Material provided —
▼
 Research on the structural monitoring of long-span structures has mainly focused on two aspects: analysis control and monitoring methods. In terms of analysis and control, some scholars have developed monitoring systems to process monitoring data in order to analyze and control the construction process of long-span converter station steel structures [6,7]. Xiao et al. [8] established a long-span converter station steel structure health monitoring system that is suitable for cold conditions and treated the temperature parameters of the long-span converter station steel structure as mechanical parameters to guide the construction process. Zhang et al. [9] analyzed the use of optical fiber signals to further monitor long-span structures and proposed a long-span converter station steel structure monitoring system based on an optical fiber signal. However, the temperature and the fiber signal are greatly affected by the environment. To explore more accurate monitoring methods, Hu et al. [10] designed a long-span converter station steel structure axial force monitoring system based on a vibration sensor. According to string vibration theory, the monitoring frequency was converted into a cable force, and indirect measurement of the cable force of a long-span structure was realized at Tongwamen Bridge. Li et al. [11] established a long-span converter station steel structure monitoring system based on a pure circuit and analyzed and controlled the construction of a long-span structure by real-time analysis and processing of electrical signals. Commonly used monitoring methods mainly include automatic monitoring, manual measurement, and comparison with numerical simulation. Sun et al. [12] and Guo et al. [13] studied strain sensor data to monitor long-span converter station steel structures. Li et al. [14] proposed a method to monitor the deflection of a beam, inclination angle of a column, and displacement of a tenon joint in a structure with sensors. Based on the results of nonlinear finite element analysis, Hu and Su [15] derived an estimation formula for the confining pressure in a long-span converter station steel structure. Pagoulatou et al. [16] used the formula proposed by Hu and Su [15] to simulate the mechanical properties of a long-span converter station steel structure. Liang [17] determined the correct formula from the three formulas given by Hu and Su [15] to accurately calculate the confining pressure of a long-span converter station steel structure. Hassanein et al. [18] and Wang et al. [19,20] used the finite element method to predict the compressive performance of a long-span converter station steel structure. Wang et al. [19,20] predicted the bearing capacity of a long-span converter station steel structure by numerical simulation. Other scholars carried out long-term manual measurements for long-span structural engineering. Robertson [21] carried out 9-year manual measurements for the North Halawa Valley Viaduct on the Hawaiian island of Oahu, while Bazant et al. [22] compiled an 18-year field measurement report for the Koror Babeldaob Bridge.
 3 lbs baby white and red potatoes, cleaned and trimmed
▲
▼
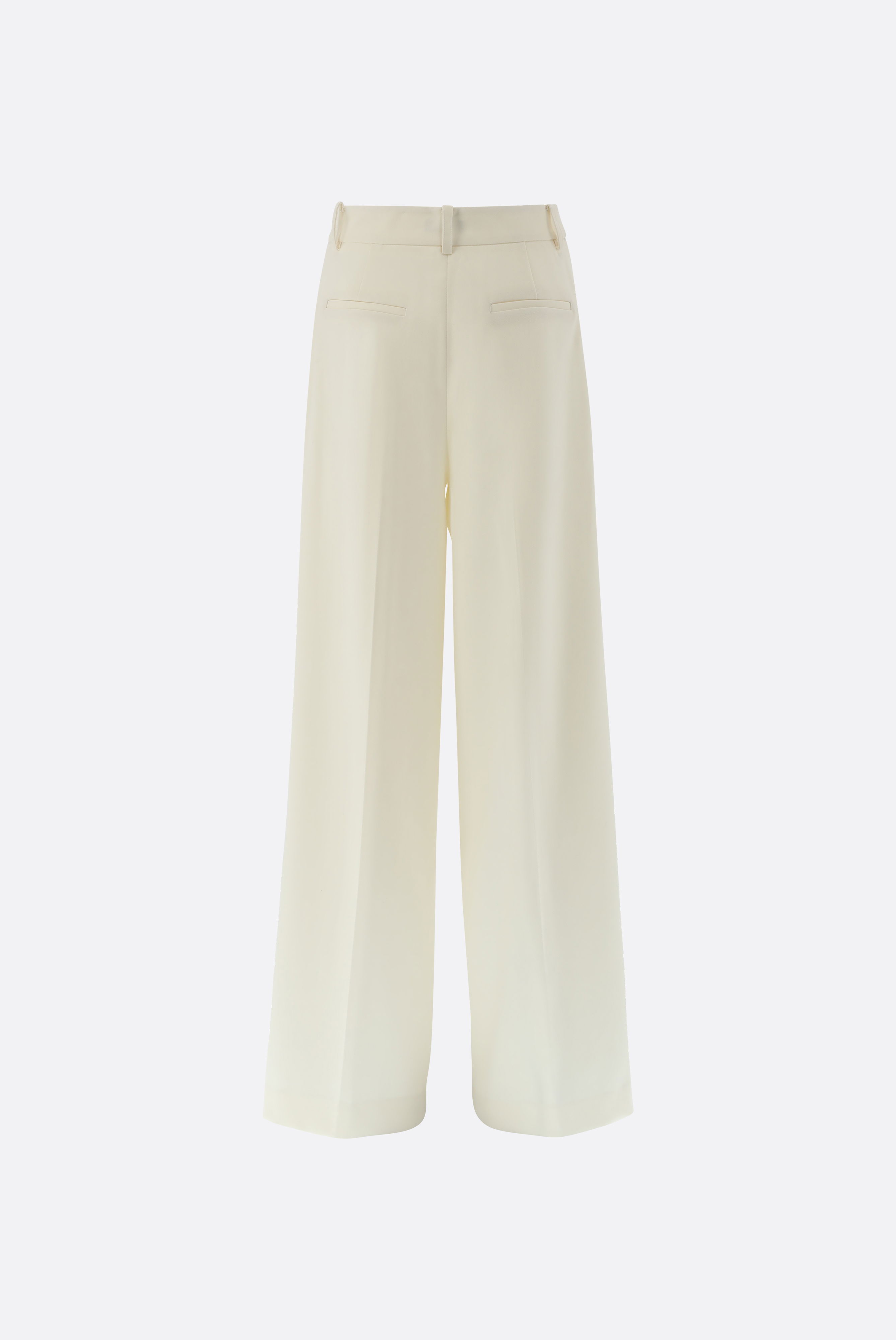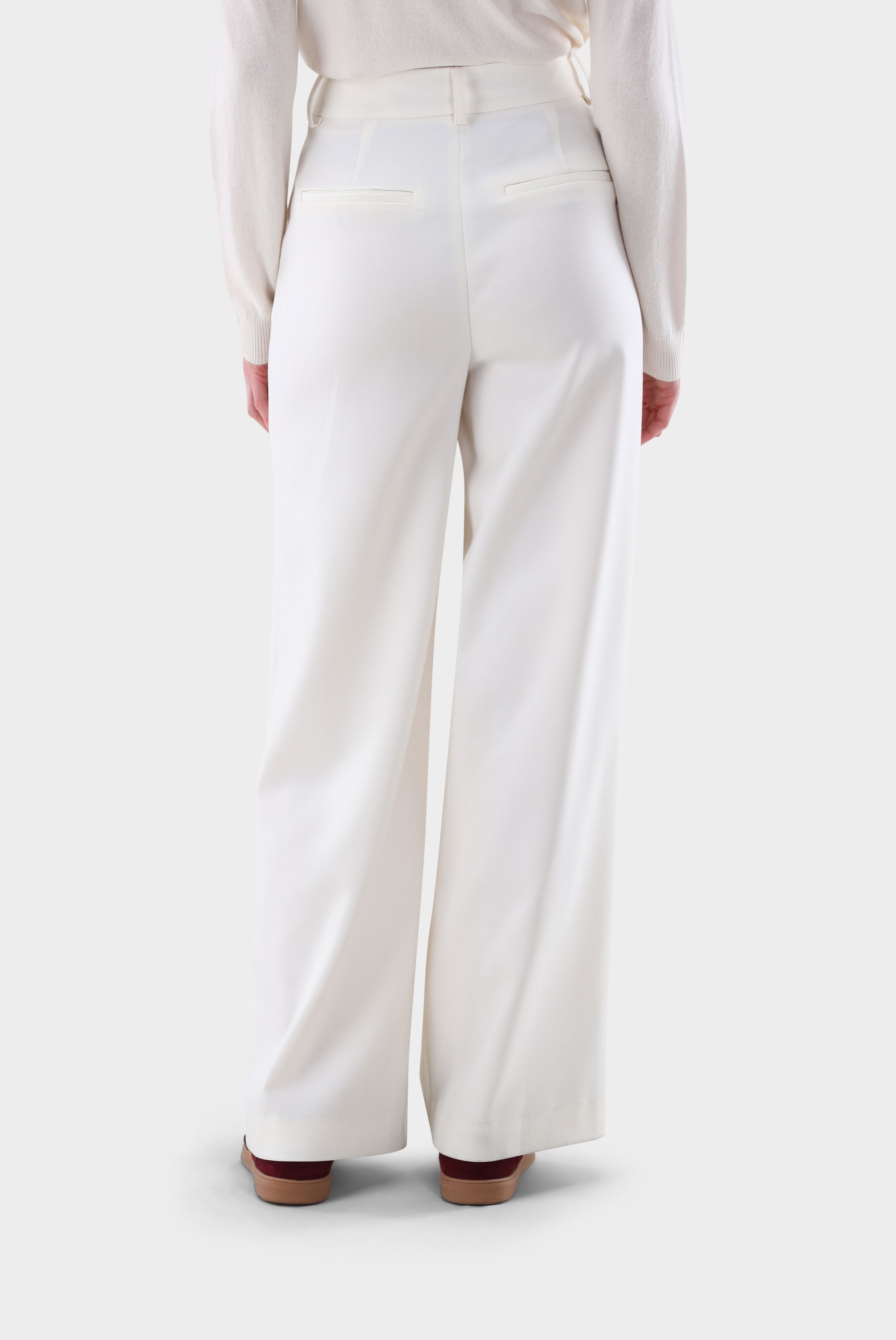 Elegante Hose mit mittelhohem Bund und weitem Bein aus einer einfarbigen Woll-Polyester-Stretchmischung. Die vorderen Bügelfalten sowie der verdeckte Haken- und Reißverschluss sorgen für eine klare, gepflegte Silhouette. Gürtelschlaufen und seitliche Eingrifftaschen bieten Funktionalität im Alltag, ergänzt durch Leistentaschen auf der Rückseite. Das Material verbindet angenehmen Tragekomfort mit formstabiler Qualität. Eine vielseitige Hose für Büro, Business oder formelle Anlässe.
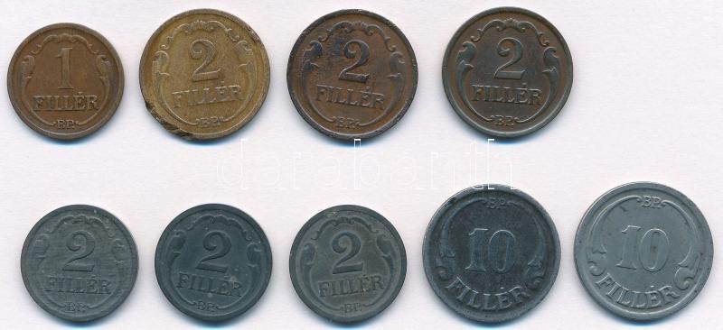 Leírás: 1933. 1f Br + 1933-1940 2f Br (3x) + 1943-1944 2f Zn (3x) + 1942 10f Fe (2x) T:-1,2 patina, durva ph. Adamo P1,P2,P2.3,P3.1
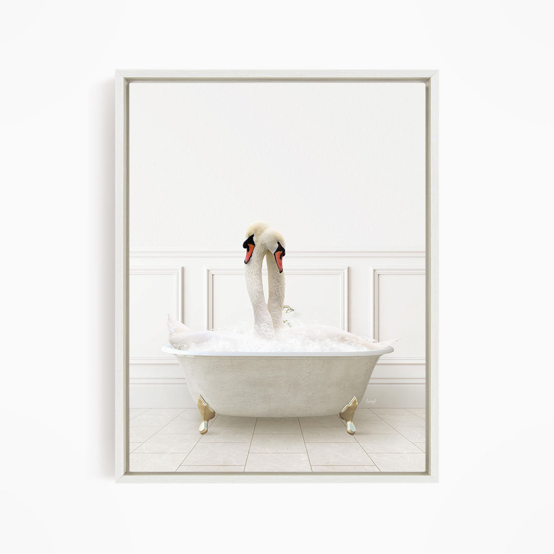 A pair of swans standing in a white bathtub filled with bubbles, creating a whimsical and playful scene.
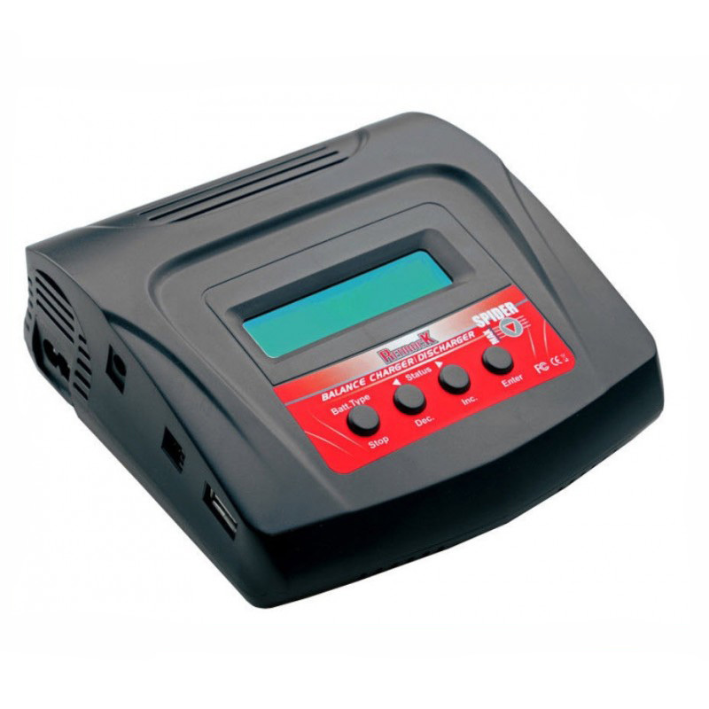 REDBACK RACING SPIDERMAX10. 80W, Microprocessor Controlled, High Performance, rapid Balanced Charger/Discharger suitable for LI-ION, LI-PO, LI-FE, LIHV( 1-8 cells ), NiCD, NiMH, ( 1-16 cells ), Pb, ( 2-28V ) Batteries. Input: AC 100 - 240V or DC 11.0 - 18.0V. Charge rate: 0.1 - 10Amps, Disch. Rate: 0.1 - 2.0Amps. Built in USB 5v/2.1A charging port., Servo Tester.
▲
▼
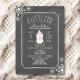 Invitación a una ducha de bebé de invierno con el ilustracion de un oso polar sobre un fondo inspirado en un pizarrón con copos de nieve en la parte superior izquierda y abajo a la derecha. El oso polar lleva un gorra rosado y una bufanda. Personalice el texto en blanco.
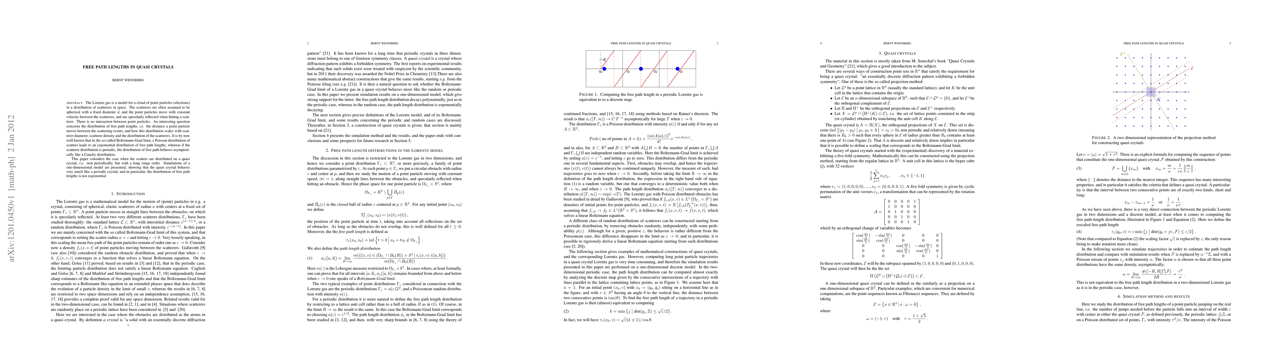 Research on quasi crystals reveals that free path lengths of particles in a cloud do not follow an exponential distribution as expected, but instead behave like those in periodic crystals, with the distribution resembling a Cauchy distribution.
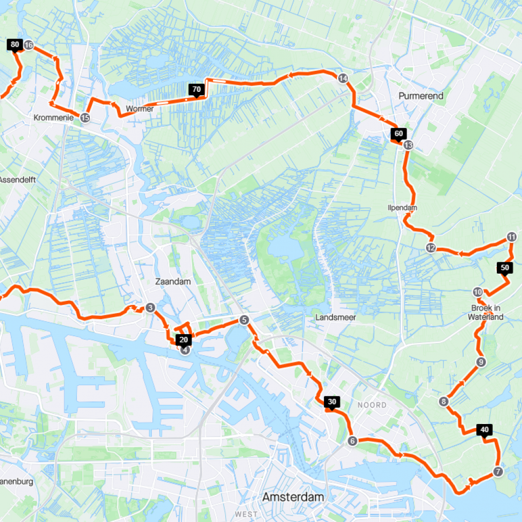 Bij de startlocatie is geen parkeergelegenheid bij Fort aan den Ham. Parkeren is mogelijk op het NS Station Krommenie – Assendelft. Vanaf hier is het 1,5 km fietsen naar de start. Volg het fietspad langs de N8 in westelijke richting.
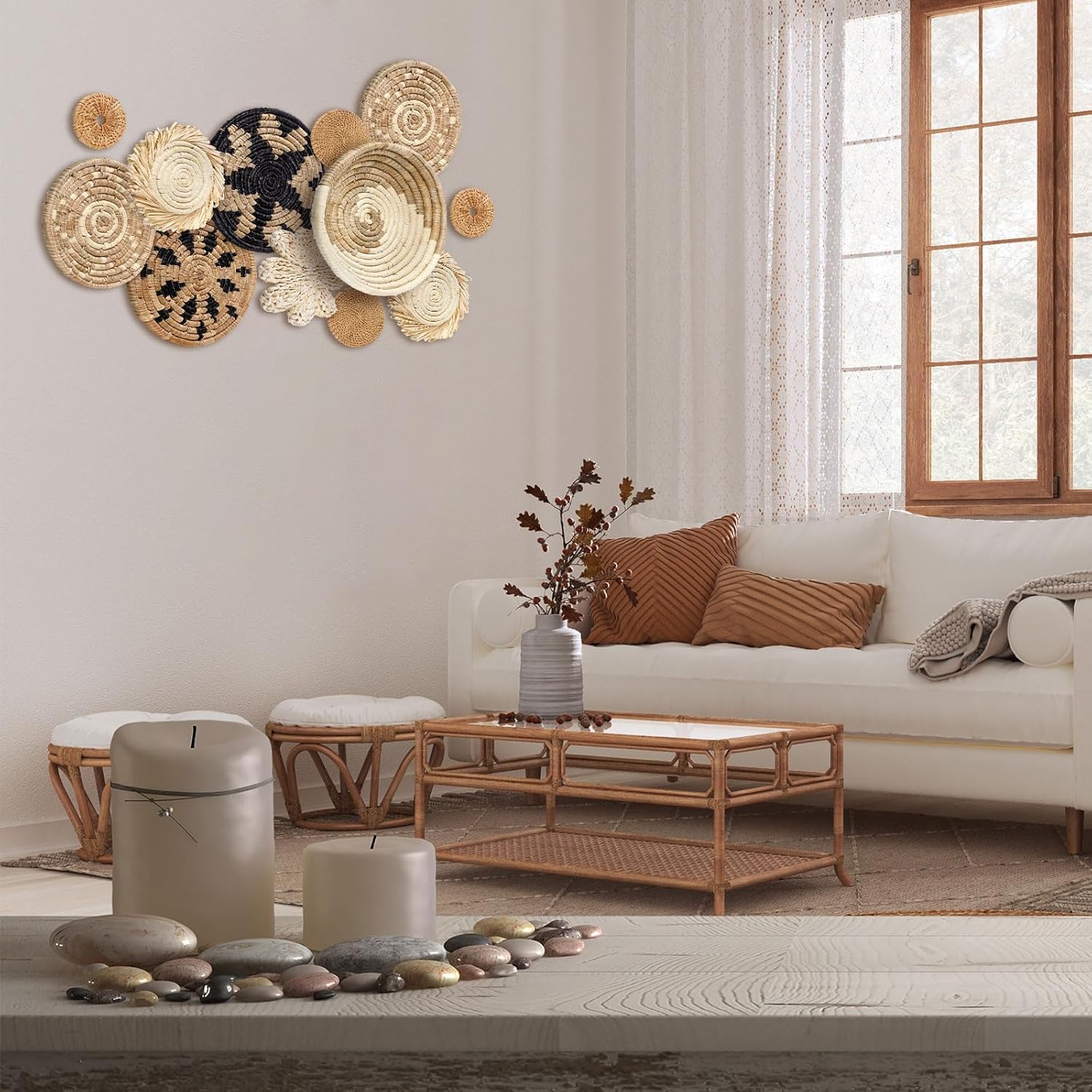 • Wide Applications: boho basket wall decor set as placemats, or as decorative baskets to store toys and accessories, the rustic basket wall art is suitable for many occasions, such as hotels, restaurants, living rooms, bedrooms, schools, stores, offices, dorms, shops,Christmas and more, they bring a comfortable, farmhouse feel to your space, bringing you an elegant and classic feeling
▲
What to work on — Your answer must be the exact lines from the records above, from the one containing "Bij de startlocatie" through the one containing "and classic feeling", both included, with every picture left out.

Solved problem —
 Bij de startlocatie is geen parkeergelegenheid bij Fort aan den Ham. Parkeren is mogelijk op het NS Station Krommenie – Assendelft. Vanaf hier is het 1,5 km fietsen naar de start. Volg het fietspad langs de N8 in westelijke richting.
 • Wide Applications: boho basket wall decor set as placemats, or as decorative baskets to store toys and accessories, the rustic basket wall art is suitable for many occasions, such as hotels, restaurants, living rooms, bedrooms, schools, stores, offices, dorms, shops,Christmas and more, they bring a comfortable, farmhouse feel to your space, bringing you an elegant and classic feeling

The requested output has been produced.